Editorials

Persona 5 Already Seems to be Bringing the Series Back to its Roots

Since I woke up this morning, I must have watched the new footage of Persona 5 a dozen times already.

We knew it was likely coming during Atlus’ 30-hour long Persona livestream, and as a huge Persona fan, I am really excited to see this trailer hint at a return to a dark tone that I feel like the series has lost a bit of over the past few years.

Since the release of Persona 4 proper on the PS2 in 2008, much of the series’ time has been spent on self-referential spin-offs and fanservice-filled remakes and anime adaptations.

As a person who gladly owns each and every one of these spin-offs, and has every intention of continuing to buy ones that are still slated for release, I can’t help but feel like the series doesn’t have the same mature and dark tone that grabbed me in the first place.

Persona 5 Already Seems to be Bringing the Series Back to its Roots

Stylish, sexy, and with an altogether separate tone from its predecessors, Persona 5 looks like a pretty big departure from the upbeat nature of the series’ latest spin-offs.

This is most easily seen in the difference between the intro of Persona 4 and its Vita remake Persona 4 Golden.

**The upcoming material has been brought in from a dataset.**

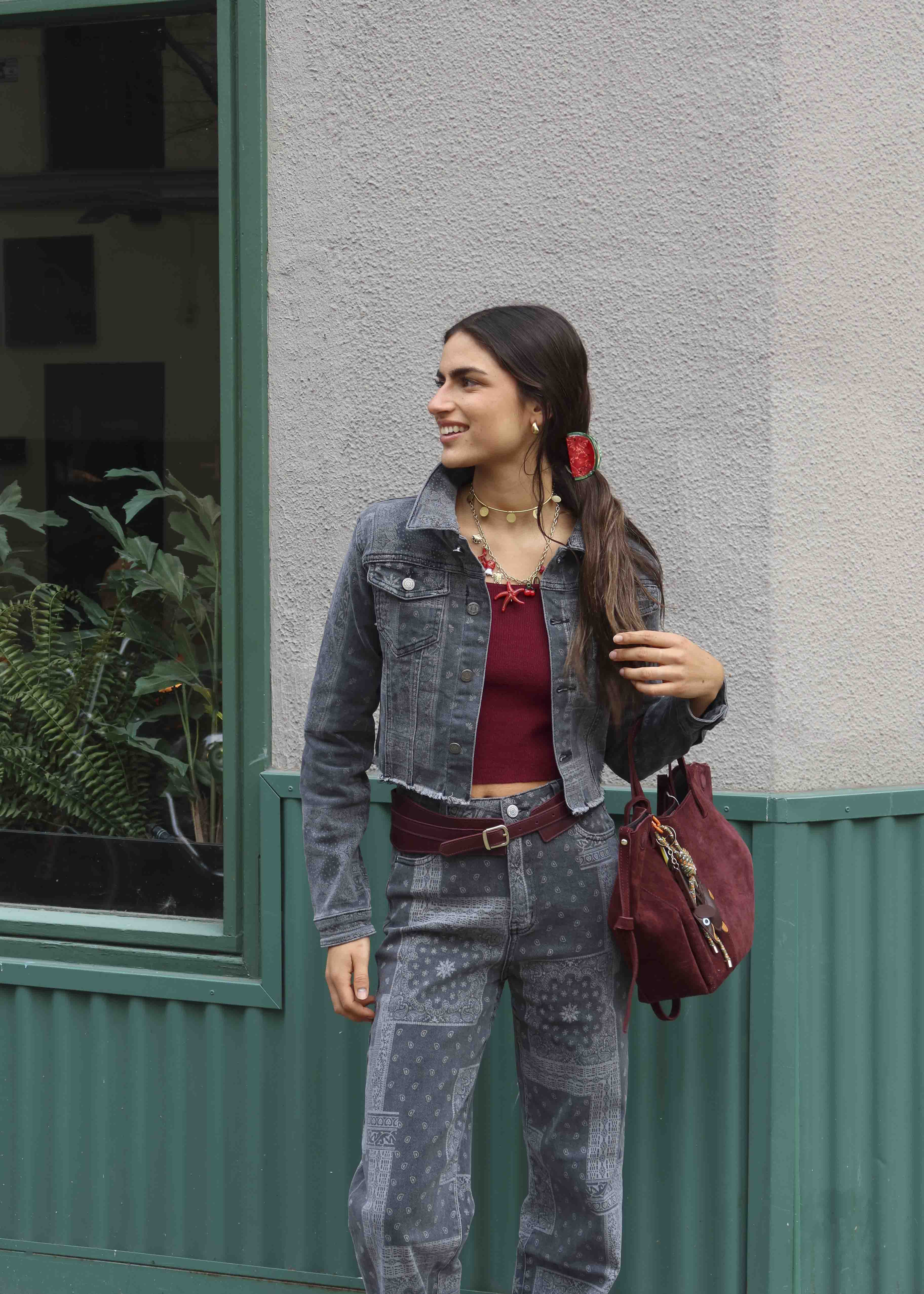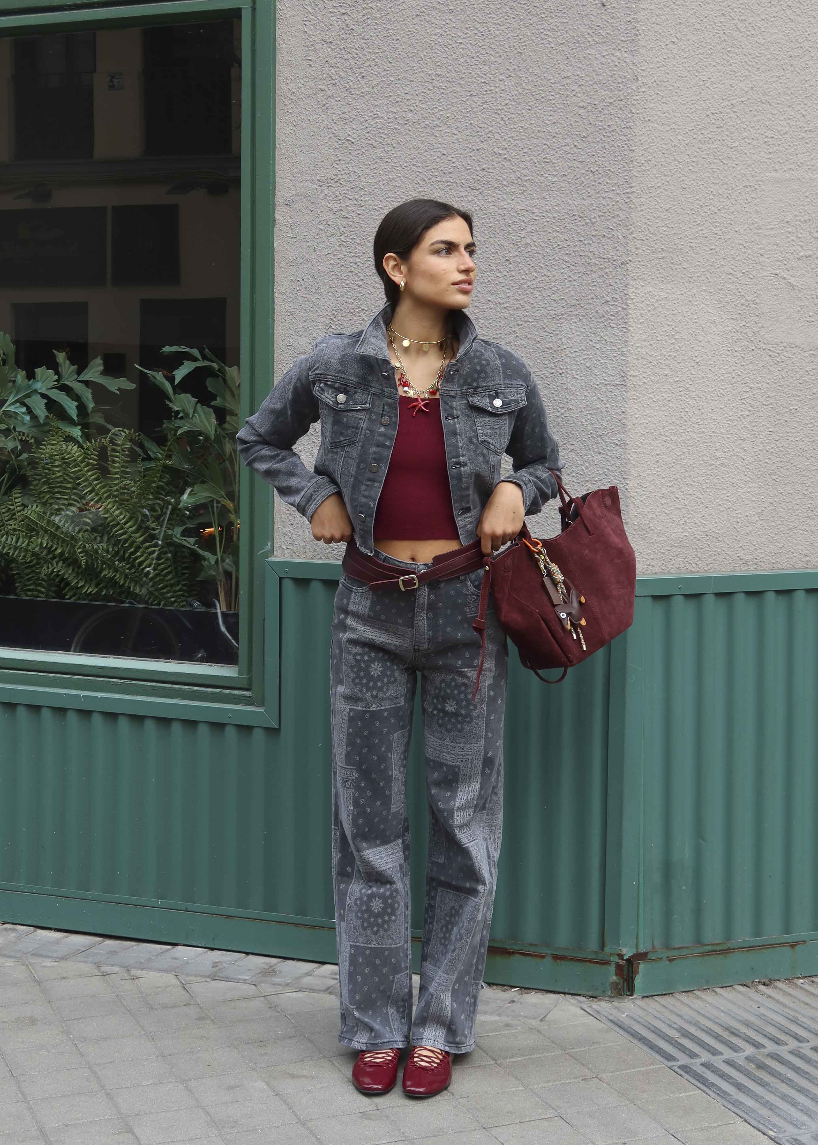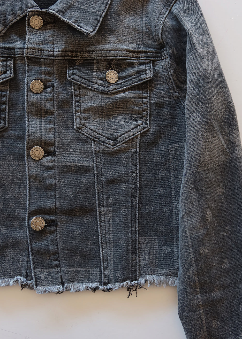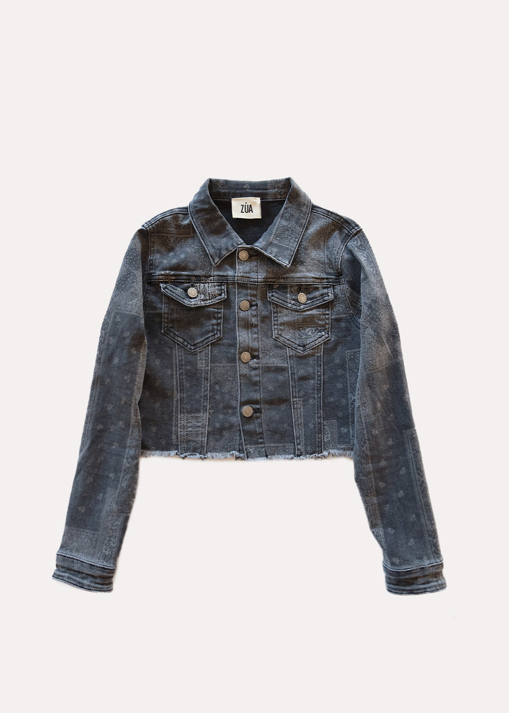 Cazadora vaquera con estampado, cierre delantero con botones y bolsillos.

The original game’s intro cinematic showcased the game’s cast in silhouettes to the backdrop of music that was poppy but still edgy enough to be consistent with the game’s heavy subject matter. Conversely, Golden gives each of the game’s party members an intro as if it was a sitcom featuring characters the player was already expected to know, and gave the game’s murder mystery a strange spotlight that seemed at odds with the “mystery” part of that set up, all with an upbeat and cheery song in the background.

This same sense of self-awareness is seen in the series latest spin-offs Persona Q: Shadow of the Labyrinth and the Persona 4 Arena fighting games. While both are great standalone games, they both are full of references, inside jokes, and enough fanservice to make it feel like they’re breaking the fourth wall.

Persona 5 Already Seems to be Bringing the Series Back to its Roots

Games like Persona Q and Arena were certainly great, and a lot of fun to see as a Persona fan, but they lacked the same dark tone and thematic weight of the games that spawned them.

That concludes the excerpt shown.